• [What you need to do]:
Nothing after the line with "All the teachers" belongs in the copy; extract the lines below from the top through that line, pictures left out.

• [Records from a dataset]:
--- START ---

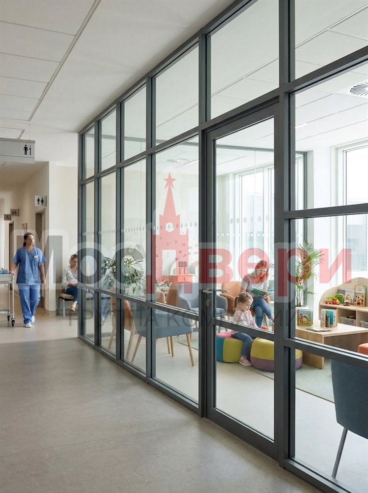 Светопрозрачная перегородка AG Контур UFR-18 из безопасного стекла с бронирующей пленкой для больницы
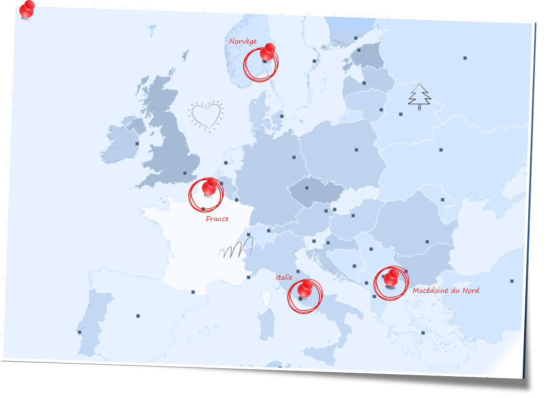 All the teachers and students motivated by our project and subject are spread across 4 high schools in France (Lycée Saint Paul in Lens), Italy (Liceo Classico e Linguistico Immanuel Kant in Rome), Northern Macedonia (SUGS Gimnazija Orce Nikolov in Skopje) and Norway (Malakoff videregående skole in Moss/Oslo). You can find the link to the website of each high school involved in the project and the project kick-off on Instagram.
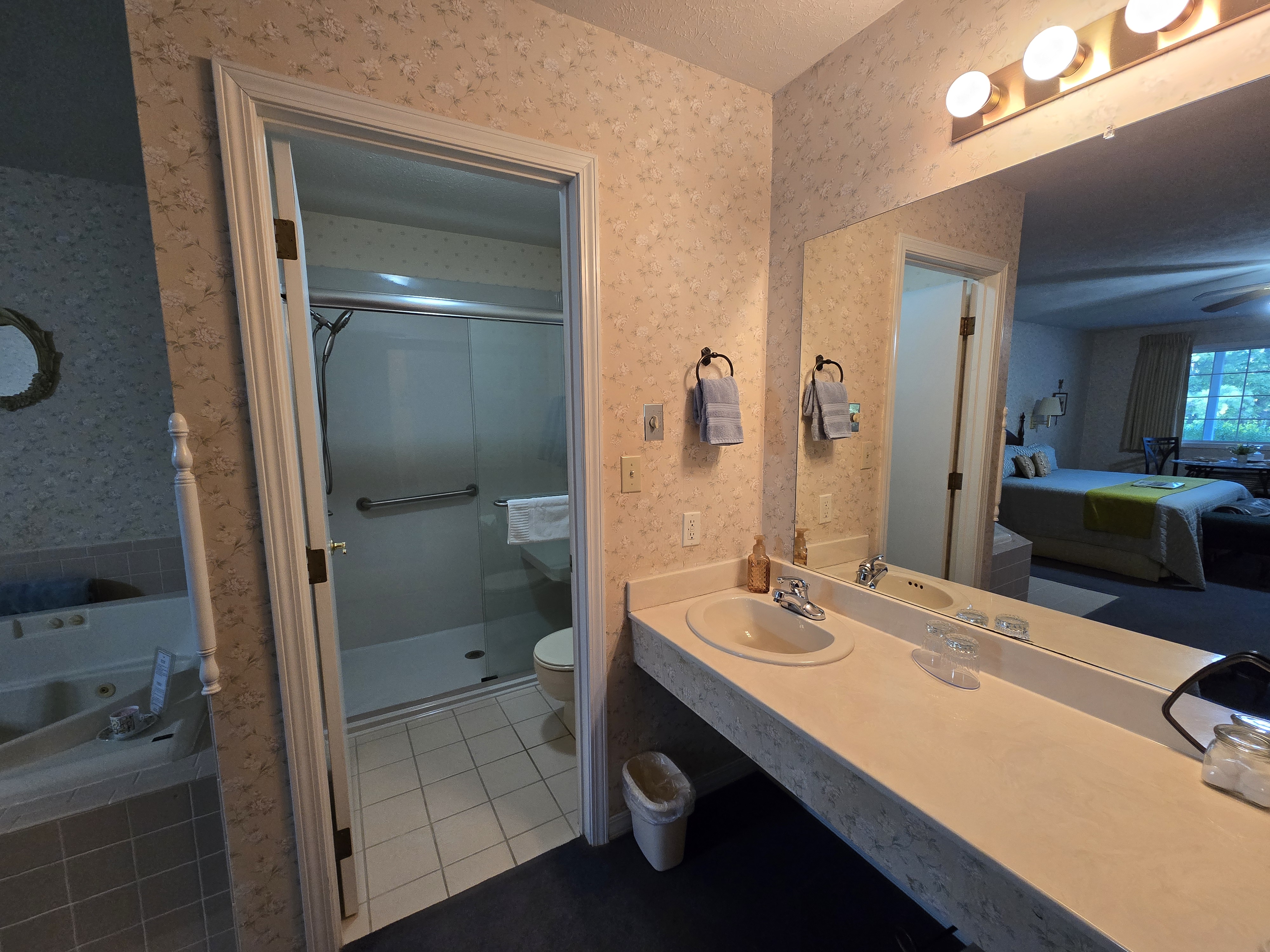 All of our suites are very large with a king sized bed. Evening Shade Inn has rooms filled with special extras for an extraordinary getaway. Each suite has ample deck space, private exterior entry, and is surrounded by our beautiful wooded property. There are numerous outdoor spaces to sit and relax. This is a great place to unwind after travel or a fun filled day of activity in a really cool town.
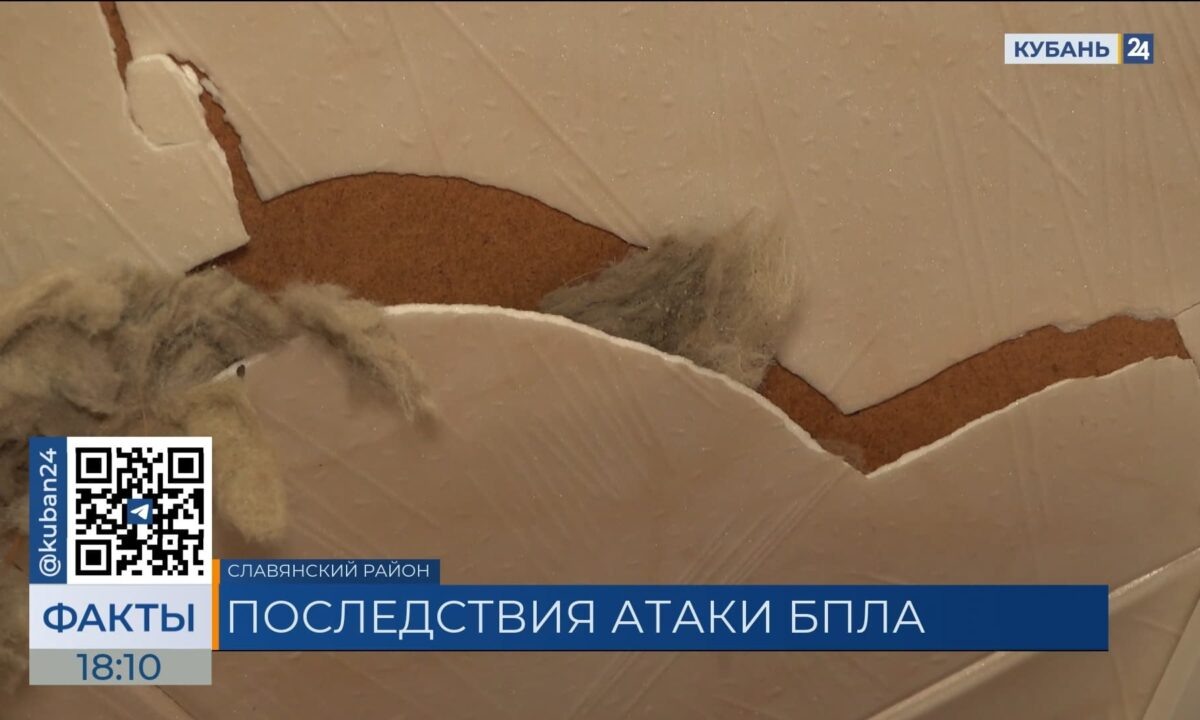 Видео канала «Кубань 24» Один из обломков БПЛА повредил кровлю дома Александры Шляхтовой. Вместе с супругом она прожила в нем 25 лет. Пенсионеры вели хозяйство и заботились о своем жилище. Во время атаки занимались домашними делами, от которых отвлек шум. «Вчера вечером что-то такое загудело, стукнуло, бухнуло. Муж был на улице, управлялся там по хозяйству, я была в другой комнате, так что мы не пострадали», — говорит Шляхтова. Теперь пенсионеров ждет ремонт коридора и кровли. Среди пострадавших зданий — хозпостройка, здесь повреждена крыша, выбило окна. Хозяин уже вызвал бригаду, чтобы восстановить помещение и очистить двор. По его словам, обломок дрона также зацепил провода, соседний дом был обесточен. Местные власти помогут всем пострадавшим. «На месте работают специальные службы. В Славянске-на-Кубани продолжает действовать режим локальной ЧС, специальные комиссии в ближайшее время оценят нанесенный ущерб, чтобы оказать жителям помощь в восстановлении имущества», — сообщает операти
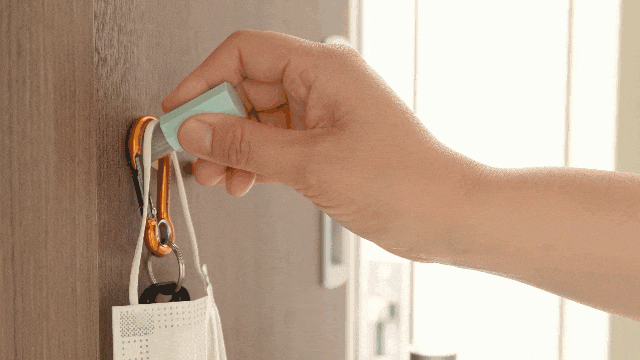 が内蔵されているので鍵やマスクなどもかけられて便利!長期継続使用可能
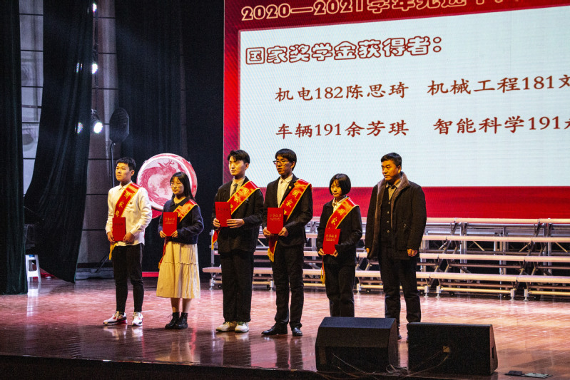 场大屏幕一一展示了自立自强、不负青春,将青春浸满奋斗汗水的“中国大学生自强之星”李增产;团学工作强锻炼,志愿服务展风采,于创新中进取,担当勇作为的“全国优秀共青团员”周宇航;坚持“清朗网络空间”的新时代道德示范青年、 校“十佳大学生”潘颢;创新引领发展,科技塑造未来,以赛促学,自强不息的学科竞赛获奖代表机器人张帅等人;班风优良,作风过硬,学风浓厚,互助友爱,众志成城,共同创造班集体辉煌的机电192等先进班集体;学思至深,精神浩瀚,用行动突破自我,用行动诠释优秀的陈思琦等国家奖学金获得者以及“三好学生标兵”、“学生干部标兵”、“科技活动标兵”、“社会活动标兵”。获奖学生和班集体的先进事迹给现场观众留下了深刻印象,赢得阵阵掌声。在响彻全场的掌声中,与会领导为先进集体、先进个人颁发荣誉证书。
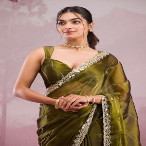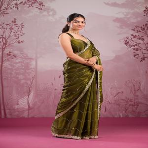 Drape yourself in the luxurious folds of Koskii's Olive Green Organza Saree, where traditional craftsmanship meets contemporary flair! This exquisite saree sparkles with vibrant mirrorwork embroidery that dances playfully across the sheer, whisper-light organza, creating an allure that's impossible to resist. It's a celebration of grace and a testament to the spirited elegance that Koskii brings to every piece. Perfect for those who love to express their style with confidence and vivacity!.
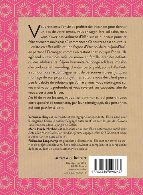 Vous ressentez l'envie de profiter des vacances pour donner un peu de votre temps, vous engager, être solidaire, mais vous n'avez pas vraiment d'idée sur ce que vous pourriez faire et encore moins par où commencer. Cet ouvrage est pour vous. Il existe en effet mille et une façons d'être solidaire aujourd'hui : en partant à l'étranger, comme en restant chez soi ; que l'on veuille agir seul ou avec des amis, ou même en famille, avec des enfants ou des adolescents. Séjour humanitaire, congé solidaire, mission d'écovolontariat, wwoofing, chantier participatif, accueil d'enfants à son domicile, accompagnement de personnes isolées, jusqu'au montage de son propre projet : les auteurs vous dévoilent peu à peu la palette de solutions qui s'offre à vous, vous interrogent sur vos motivations profondes et vous révèlent vos capacités, afin de vous aider à vous lancer.

--- END ---

• [Result]:
 Светопрозрачная перегородка AG Контур UFR-18 из безопасного стекла с бронирующей пленкой для больницы
 All the teachers and students motivated by our project and subject are spread across 4 high schools in France (Lycée Saint Paul in Lens), Italy (Liceo Classico e Linguistico Immanuel Kant in Rome), Northern Macedonia (SUGS Gimnazija Orce Nikolov in Skopje) and Norway (Malakoff videregående skole in Moss/Oslo). You can find the link to the website of each high school involved in the project and the project kick-off on Instagram.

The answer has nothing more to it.